*** RECORDS PROVIDED Section Begins ***

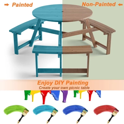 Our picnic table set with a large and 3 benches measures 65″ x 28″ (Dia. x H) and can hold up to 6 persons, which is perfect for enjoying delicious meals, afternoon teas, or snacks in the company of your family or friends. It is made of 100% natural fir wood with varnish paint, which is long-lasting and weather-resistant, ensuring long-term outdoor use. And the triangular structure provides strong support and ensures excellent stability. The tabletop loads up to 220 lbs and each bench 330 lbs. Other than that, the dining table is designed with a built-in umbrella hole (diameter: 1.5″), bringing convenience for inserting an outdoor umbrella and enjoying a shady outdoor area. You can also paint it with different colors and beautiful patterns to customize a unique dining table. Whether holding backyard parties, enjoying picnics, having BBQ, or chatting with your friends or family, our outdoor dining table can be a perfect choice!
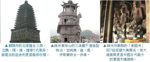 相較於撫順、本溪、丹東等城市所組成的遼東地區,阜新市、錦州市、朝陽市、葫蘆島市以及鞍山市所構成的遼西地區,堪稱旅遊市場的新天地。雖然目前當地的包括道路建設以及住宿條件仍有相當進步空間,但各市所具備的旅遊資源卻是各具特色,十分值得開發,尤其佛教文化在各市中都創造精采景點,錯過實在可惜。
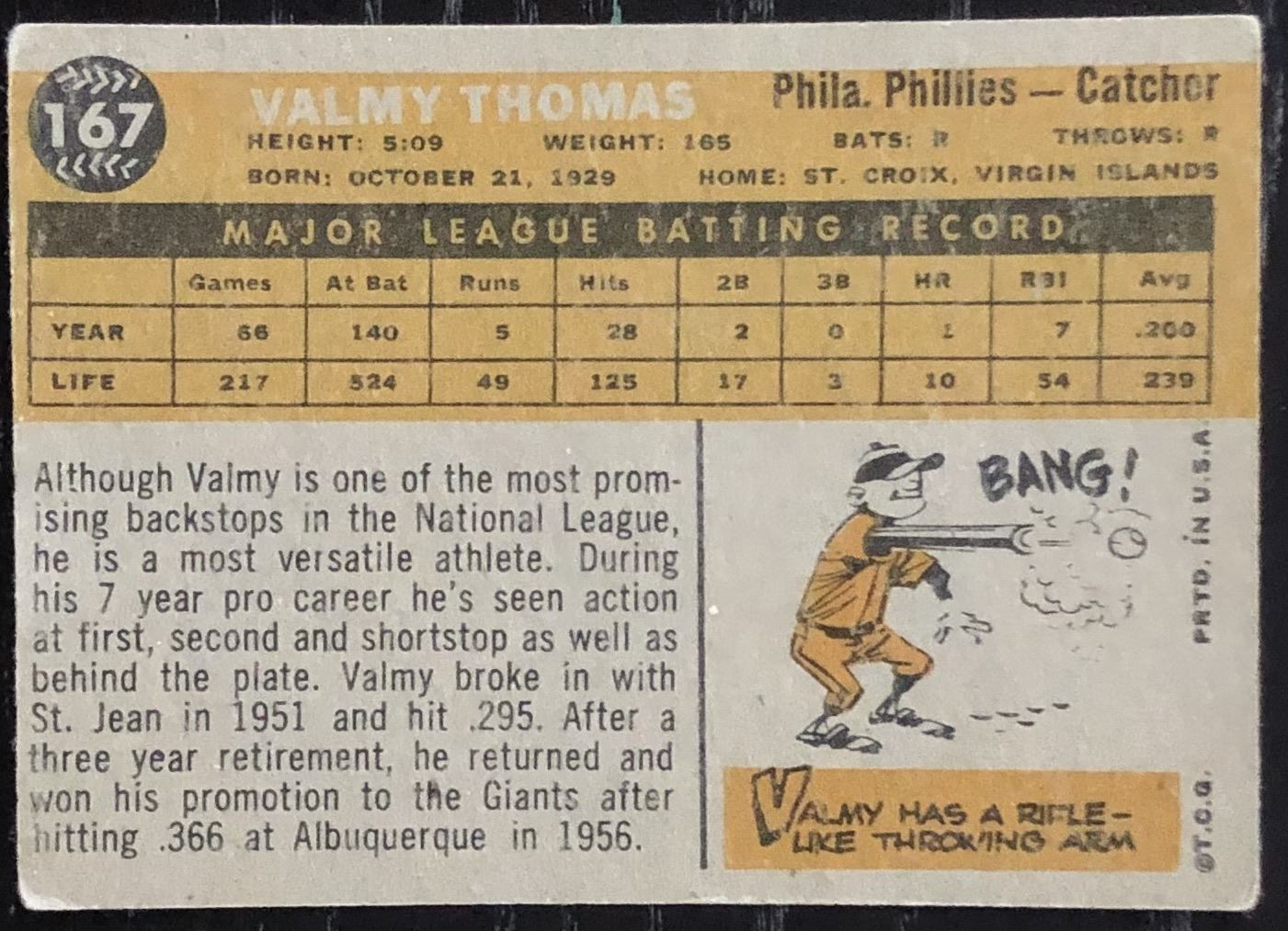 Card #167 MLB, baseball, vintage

*** RECORDS PROVIDED Section Ends ***
*** RECORDS PROVIDED Section Begins ***

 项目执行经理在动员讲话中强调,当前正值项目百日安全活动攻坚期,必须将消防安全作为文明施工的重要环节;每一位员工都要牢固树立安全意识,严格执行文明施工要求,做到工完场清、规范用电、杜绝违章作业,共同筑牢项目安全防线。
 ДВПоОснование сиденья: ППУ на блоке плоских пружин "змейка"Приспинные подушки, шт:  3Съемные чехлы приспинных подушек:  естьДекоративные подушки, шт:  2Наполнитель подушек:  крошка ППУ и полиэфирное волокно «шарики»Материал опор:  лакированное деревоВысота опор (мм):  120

*** RECORDS PROVIDED Section Ends ***

### TASK BRIEF
Set down, from the entries above, exactly the lines from the one with "项目执行经理在动员讲话中强调" up to and including the one with "ДВПоОснование сиденья: ППУ", and no other lines.

### RESULT FOR THIS TASK
 项目执行经理在动员讲话中强调,当前正值项目百日安全活动攻坚期,必须将消防安全作为文明施工的重要环节;每一位员工都要牢固树立安全意识,严格执行文明施工要求,做到工完场清、规范用电、杜绝违章作业,共同筑牢项目安全防线。
 ДВПоОснование сиденья: ППУ на блоке плоских пружин "змейка"Приспинные подушки, шт:  3Съемные чехлы приспинных подушек:  естьДекоративные подушки, шт:  2Наполнитель подушек:  крошка ППУ и полиэфирное волокно «шарики»Материал опор:  лакированное деревоВысота опор (мм):  120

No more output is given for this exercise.